Records for the exercise: Begin

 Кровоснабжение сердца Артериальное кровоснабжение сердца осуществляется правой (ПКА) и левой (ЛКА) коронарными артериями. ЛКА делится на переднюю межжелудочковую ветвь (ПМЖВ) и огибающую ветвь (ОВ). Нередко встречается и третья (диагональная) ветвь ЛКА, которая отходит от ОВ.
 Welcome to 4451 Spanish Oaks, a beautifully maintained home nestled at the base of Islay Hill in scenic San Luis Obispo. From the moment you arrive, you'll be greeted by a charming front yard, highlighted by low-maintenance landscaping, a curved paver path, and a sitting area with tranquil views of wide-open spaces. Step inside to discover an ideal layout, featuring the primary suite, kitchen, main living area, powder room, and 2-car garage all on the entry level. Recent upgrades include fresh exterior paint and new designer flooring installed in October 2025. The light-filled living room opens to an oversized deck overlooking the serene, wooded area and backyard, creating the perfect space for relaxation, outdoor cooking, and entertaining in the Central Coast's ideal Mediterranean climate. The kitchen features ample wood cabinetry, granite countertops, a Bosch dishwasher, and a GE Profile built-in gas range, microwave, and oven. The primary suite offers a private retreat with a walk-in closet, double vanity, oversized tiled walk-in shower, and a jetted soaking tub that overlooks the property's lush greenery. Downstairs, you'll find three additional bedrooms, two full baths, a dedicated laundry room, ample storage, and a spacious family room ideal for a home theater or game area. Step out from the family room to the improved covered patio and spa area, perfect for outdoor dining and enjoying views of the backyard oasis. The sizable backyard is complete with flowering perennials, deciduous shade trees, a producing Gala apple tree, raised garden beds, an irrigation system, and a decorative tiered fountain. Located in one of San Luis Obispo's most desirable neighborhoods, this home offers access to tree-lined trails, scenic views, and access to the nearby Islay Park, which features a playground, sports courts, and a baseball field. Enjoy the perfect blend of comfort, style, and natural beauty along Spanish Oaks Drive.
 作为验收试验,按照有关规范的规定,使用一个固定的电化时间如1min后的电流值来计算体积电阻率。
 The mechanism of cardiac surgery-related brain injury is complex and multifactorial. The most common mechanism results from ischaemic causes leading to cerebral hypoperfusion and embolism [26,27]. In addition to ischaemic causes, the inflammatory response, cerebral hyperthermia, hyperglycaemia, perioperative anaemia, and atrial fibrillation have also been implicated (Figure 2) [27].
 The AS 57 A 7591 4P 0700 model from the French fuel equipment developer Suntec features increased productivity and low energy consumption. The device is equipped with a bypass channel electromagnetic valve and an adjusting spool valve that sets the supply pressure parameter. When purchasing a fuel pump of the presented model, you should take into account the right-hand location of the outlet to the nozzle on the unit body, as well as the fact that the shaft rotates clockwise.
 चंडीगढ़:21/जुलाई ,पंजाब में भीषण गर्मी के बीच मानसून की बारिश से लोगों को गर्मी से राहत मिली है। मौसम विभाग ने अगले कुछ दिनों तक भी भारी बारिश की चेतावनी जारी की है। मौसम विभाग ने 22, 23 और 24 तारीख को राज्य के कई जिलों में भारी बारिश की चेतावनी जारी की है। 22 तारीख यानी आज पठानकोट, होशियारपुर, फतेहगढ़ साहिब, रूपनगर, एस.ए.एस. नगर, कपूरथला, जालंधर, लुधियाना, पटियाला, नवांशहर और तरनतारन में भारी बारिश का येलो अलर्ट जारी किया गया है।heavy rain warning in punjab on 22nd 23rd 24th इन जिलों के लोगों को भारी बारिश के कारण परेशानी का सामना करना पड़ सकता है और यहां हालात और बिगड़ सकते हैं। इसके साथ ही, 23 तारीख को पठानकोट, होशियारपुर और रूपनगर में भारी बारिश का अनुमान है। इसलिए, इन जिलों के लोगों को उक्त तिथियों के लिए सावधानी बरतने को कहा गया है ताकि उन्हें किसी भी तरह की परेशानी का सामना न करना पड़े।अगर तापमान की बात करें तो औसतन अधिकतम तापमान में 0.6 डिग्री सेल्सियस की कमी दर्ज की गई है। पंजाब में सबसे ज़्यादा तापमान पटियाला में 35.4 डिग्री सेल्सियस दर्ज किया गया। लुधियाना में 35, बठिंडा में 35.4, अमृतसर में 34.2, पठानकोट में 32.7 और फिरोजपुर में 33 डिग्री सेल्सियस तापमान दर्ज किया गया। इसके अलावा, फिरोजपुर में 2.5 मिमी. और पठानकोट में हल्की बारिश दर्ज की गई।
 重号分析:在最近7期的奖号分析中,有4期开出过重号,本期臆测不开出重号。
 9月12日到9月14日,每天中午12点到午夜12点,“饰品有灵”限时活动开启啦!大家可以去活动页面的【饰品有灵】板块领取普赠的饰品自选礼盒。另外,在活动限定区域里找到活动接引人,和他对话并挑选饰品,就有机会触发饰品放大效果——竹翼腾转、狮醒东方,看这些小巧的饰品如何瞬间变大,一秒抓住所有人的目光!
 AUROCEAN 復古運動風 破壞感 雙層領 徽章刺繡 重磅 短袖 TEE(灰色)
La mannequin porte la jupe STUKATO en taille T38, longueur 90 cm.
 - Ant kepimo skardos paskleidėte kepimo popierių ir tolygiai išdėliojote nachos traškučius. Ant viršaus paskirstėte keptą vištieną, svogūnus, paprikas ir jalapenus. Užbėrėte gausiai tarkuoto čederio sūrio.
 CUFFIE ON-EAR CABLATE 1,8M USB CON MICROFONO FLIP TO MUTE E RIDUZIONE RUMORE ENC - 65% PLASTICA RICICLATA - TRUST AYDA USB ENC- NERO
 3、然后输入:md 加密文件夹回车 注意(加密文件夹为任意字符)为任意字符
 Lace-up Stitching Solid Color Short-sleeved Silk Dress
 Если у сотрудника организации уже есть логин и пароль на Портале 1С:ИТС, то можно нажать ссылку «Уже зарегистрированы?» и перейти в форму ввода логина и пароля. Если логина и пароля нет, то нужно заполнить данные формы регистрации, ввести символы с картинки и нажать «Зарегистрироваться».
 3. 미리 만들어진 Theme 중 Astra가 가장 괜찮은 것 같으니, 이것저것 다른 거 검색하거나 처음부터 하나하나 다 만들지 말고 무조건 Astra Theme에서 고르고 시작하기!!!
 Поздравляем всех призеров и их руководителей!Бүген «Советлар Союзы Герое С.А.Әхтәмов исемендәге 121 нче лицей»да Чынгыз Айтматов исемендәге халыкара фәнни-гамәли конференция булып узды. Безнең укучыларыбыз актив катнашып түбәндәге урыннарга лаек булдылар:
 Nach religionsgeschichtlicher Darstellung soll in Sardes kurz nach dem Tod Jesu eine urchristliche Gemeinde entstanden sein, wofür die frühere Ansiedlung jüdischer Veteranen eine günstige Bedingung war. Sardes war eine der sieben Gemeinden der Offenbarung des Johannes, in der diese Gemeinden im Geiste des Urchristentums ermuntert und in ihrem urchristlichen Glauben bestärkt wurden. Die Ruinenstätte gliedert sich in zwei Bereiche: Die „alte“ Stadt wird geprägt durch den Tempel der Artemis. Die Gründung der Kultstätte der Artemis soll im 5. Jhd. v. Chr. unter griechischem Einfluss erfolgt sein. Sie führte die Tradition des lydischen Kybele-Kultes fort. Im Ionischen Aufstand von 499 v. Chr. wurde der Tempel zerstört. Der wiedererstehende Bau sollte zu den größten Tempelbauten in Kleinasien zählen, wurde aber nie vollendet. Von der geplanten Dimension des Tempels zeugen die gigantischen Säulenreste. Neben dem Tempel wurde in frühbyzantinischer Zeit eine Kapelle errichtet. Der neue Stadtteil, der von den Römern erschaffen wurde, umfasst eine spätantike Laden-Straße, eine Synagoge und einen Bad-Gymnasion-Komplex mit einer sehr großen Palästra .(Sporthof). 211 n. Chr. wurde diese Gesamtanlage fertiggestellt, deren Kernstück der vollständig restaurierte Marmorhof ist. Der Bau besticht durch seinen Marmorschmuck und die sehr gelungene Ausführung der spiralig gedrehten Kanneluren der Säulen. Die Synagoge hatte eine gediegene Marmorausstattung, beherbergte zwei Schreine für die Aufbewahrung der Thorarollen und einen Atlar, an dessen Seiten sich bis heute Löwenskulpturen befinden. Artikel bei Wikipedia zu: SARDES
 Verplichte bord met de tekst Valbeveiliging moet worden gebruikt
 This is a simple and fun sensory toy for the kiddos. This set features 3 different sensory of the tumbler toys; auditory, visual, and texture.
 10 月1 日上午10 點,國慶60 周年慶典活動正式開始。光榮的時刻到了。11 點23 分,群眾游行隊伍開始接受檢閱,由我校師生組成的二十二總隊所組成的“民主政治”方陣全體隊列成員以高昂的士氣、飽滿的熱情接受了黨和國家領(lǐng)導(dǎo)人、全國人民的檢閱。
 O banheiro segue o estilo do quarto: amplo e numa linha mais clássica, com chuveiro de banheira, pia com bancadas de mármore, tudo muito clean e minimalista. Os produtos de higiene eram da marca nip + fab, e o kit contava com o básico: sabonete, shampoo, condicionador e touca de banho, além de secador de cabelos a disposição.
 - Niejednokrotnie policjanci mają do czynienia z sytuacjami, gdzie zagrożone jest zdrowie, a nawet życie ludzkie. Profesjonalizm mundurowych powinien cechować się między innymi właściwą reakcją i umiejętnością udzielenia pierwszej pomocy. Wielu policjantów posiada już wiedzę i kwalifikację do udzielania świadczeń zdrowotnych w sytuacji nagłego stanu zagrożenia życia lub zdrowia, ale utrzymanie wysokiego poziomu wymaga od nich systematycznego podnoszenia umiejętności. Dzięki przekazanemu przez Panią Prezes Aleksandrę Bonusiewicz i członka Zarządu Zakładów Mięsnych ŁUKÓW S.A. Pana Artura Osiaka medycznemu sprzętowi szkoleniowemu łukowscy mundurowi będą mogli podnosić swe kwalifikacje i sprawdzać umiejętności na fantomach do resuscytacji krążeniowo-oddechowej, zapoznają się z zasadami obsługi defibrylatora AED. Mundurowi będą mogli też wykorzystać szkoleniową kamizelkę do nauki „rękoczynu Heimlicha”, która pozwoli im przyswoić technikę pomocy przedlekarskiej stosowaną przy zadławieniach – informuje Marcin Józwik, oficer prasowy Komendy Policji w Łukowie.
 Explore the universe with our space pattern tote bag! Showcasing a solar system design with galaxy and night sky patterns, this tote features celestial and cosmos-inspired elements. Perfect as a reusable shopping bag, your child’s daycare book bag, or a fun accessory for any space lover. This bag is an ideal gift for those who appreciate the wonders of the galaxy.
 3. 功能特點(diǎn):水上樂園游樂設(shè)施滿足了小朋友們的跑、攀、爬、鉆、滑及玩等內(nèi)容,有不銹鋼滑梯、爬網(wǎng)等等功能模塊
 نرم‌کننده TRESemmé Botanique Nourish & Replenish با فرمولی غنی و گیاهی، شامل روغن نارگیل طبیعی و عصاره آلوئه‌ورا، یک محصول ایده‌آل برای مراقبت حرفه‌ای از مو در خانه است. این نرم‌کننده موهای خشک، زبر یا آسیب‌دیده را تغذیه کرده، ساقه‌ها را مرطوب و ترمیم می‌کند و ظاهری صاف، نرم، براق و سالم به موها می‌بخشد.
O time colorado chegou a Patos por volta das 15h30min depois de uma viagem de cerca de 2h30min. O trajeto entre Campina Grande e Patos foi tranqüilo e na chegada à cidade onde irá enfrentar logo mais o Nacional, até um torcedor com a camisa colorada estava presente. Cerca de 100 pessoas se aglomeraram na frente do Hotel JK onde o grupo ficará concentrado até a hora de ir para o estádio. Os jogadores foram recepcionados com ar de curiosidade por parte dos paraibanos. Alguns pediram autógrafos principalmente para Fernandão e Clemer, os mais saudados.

Records for the exercise: End

_Problem to solve:_ Search the listing above for the lines with "Verplichte bord met" and "10 月1 日上午10", then output those lines and all lines between them exactly.

_Worked solution:_
 Verplichte bord met de tekst Valbeveiliging moet worden gebruikt
 This is a simple and fun sensory toy for the kiddos. This set features 3 different sensory of the tumbler toys; auditory, visual, and texture.
 10 月1 日上午10 點,國慶60 周年慶典活動正式開始。光榮的時刻到了。11 點23 分,群眾游行隊伍開始接受檢閱,由我校師生組成的二十二總隊所組成的“民主政治”方陣全體隊列成員以高昂的士氣、飽滿的熱情接受了黨和國家領(lǐng)導(dǎo)人、全國人民的檢閱。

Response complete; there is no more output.